I have some pics of a SunRacer too.  It was my father in-law's bike.  Best I can figure, he got it in the late 30's new.  The head badge also reads H.S.B. & Co. Chicago.  The Hibbard, Spencer, Bartlett and Co. of Chicago were sporting goods dealers from 1855 to the 1960's.  I'm still trying to determine who manufactered the bikes they sold.  Any guesses?


----------



## Strings-n-Spokes (Jun 22, 2009)

I thought that Sun Racer was made by Manton & Smith.


----------



## Classicriders (Jun 22, 2009)

It's a Hibbard (H.S.B.).  H.P. Snyder manufactured Hibbard bicycles for Hibbard Spencer Bartlett, which was a sporting goods retailer, as stated above.
Here is the ebay item number for a great book that has your bike in it.
 250448916293


----------



## militarymonark (Jun 22, 2009)

I have that chainring but i can't remember what I pulled it off of


----------



## MattK (Jun 22, 2009)

I looked at some other bikes and it appears that the 1939 Hawthorm Comet is a very close match to the HSB Sun Racer.  Frame shape, headlight, rack bars, chainguard are similar.  Some other bikes share similarities, but not as many.


----------



## morton (Jun 23, 2009)

*One I wish I hadn't sold!*

Had this Sun Racer about 2 years ago....Believe it was all original.


----------



## bikeriderx (Jun 23, 2009)

morton said:


> Had this Sun Racer about 2 years ago....Believe it was all original.




Oooohhh!~Sick!:eek:


----------



## emmy (Feb 20, 2010)

*women's Sun Racer*

I just bought this bike off Craig's List...I'm ecstatic, I've always wanted one of them. 
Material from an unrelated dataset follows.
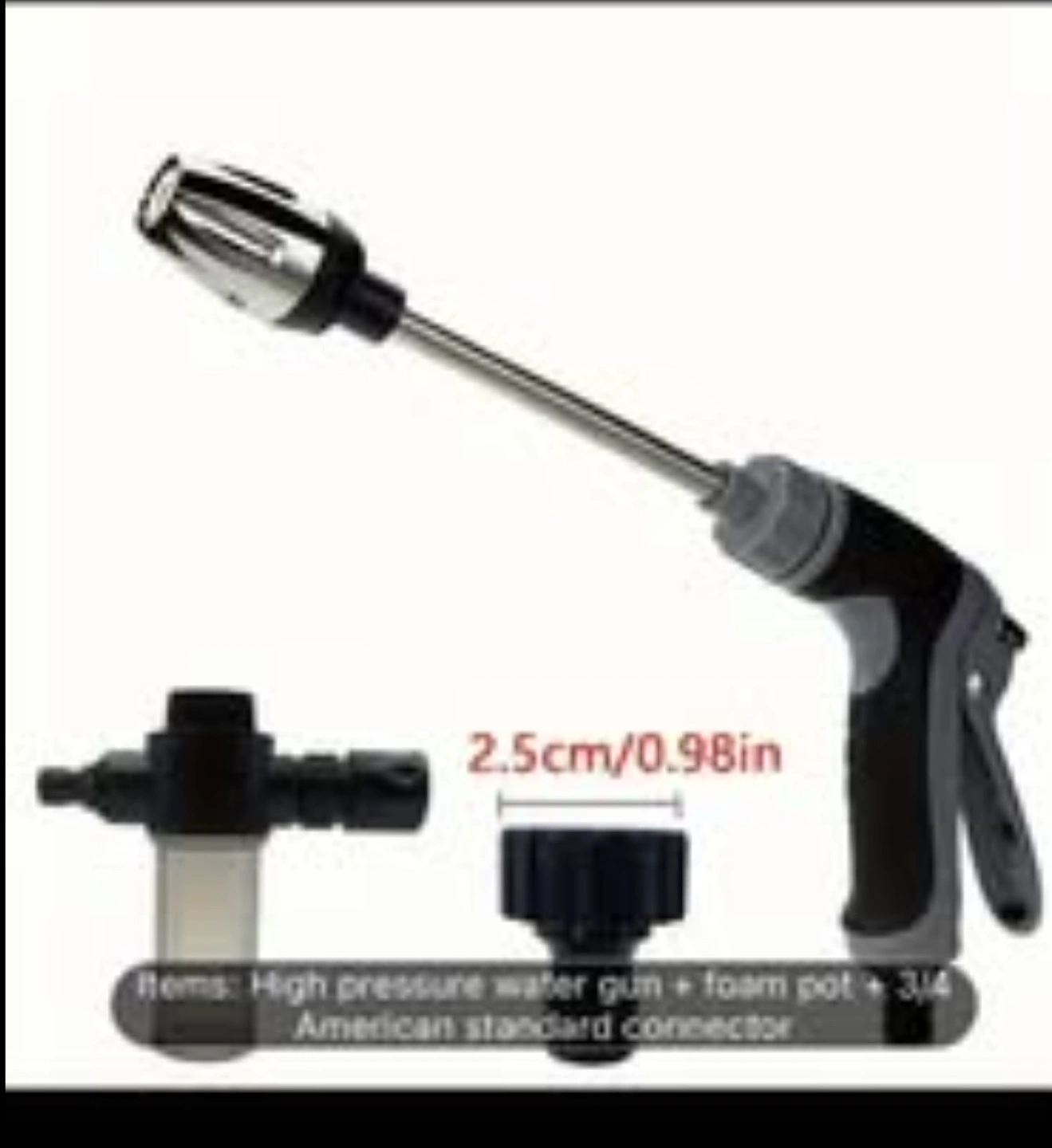 Durable water gun, features adjustable spray, electroplating gun head, stainless steel barrel, anti-slip frame, thickened handle, and quick connector. Perfect for watering plants or cleaning. 1pc High-pressure Car Cleaning Water Gun, With Adjustable High-pressure Nozzle, Spray Gun, Garden Irrigation, And Spray Outlet Bracket

Does anyone know what the original color options were? I'd like to bring it back to it's original glory.
Thanks!


----------



## Golite4 (Oct 31, 2015)

Found this Sun Racer wondering if I should buy it for a single speed Klunker.  Trying to find information on it.


----------



## juanitasmith13 (Nov 1, 2015)

MattK said:


> I have some pics of a SunRacer too.  It was my father in-law's bike.  Best I can figure, he got it in the late 30's new.  The head badge also reads H.S.B. & Co. Chicago.  The Hibbard, Spencer, Bartlett and Co. of Chicago were sporting goods dealers from 1855 to the 1960's.  I'm still trying to determine who manufactered the bikes they sold.  Any guesses?




As the man says... the headbadge I.D.'s the manufacture. I gave a friend a badge exactly like this last week; after, he saw one on e-bay for $95.00... the e-bay one was a 10 on a 1-10 scale. 'Google' the H.S.B. & Co., Chicago, and you will find their bicycle history. pappy


----------



## juanitasmith13 (Nov 1, 2015)

I error: manufacturer wrong/ seller correct. Juat so you know... Hibbard Spencer Bartlett & Co. of Chicago, IL. later became True Value Hardware Co. The bicycles sold by H.S.B. & Co. where built by H.P.Snyder.


----------



## Shawn Michael (Nov 4, 2015)

It has potential. The tank looks like it is from a JC Higgins. If you decide to sell the tank let me know. -Shawn


----------